Странно, почему меня влечет именно сюда, к этим вросшим в землю стенам, словно надолбам времен войны? Но здесь и была война… Почему — была? Она никогда не прекращалась и лишь обострилась после ухода англичан. Может, прав был Стилмаунт, когда заявил, что израильтяне еще возопят к британцам о помощи, и они вернутся сюда?
Вот и я отправляюсь в обратный путь. Покупаю в лавке обычную снедь, возвращаюсь домой. Ставлю на огонь кастрюлю с сосисками, наливаю в чайник воду, и пока вскипает она, смотрю в окно, на улочку, исчезающую за холмом, а там — еще холмы, и еще… За линией горизонта они нисходят к Мертвому морю.
Он зажег свет, пропустил ее вперед.
— Боже! — проговорила она, и остановилась посреди комнаты. — Когда ты в последний раз убирался?

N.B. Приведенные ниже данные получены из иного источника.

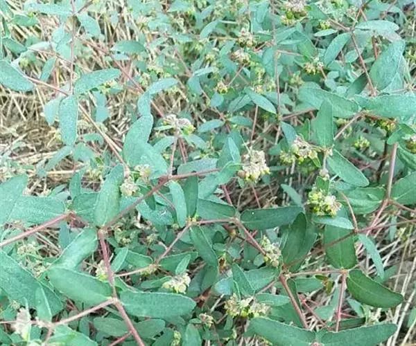 一年生草本,含白色乳汁。茎匍匐,多分枝,稍被毛,高不及15厘米,通常红色。叶对生,椭圆形至矩圆形,长4~6毫米,很少达8毫米,宽2~4毫米,先端钝,基部偏斜而截头状,边缘有极小的锯齿,上面深绿色,下面浅绿带灰白色;叶柄甚短;托叶细小,生于叶柄基侧。杯状花序单生或少数聚伞状排列于叶腋;几无柄;总苞陀螺状,淡紫色,长约1毫米;腺体4,漏斗状;花单性,无花被;雌雄花同生于总苞内;雄花多数,只具雄蕊1;雌花1,生于花序中央,子房3室,花柱2,离生且顶端2裂。蒴果有毛,卵状三棱形,长1.5毫米许。种子有纵沟纹5~6条。花期夏季。
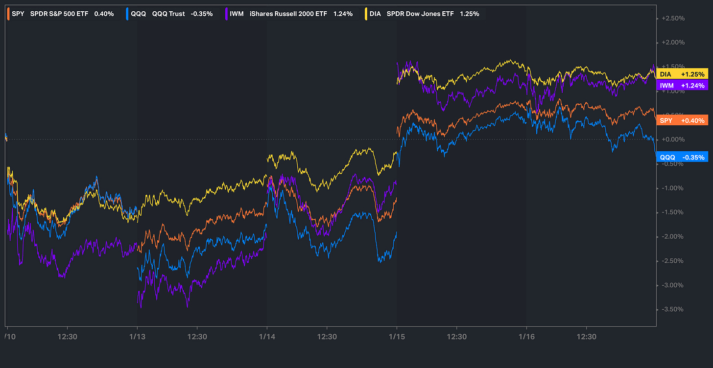 It’s been a fairly active week in the markets, & as the week has progressed, Spooz itself has produced nearly a 200+ handle rally off the Monday lows, & the Dow & Small-caps have been the best performing of the indices on the week (softer than expected inflation data as a contributing factor) as we have finally found some relief in bonds as well as capital shifting out of the Q’s (worst performing index on the week) which has more so led to this rotationary action in the markets these last few days & as a result, expanded / broadened out breadth making action much more healthy & sustainable across the board.

— Не помню. Разве это так уж важно?
— Знаешь, — сказала она, садясь на единственный не заваленный книгами стул, — у вас евреев странная привычка — отвечать вопросом на вопрос.
— А у вас, у русских, — странная привычка судить других с высоты своего великодержавного превосходства.
— Замнем для ясности, — сказала она хмуро и встала. — У тебя постель-то хоть есть? А… вот это… А чистая простыня найдется?
Подошел к полке у стены, вытянул из-под груды белья.
— Ладно, давай. Сгодится на ночь.
Быстро и ловко накинула простыню.
— Отвернись.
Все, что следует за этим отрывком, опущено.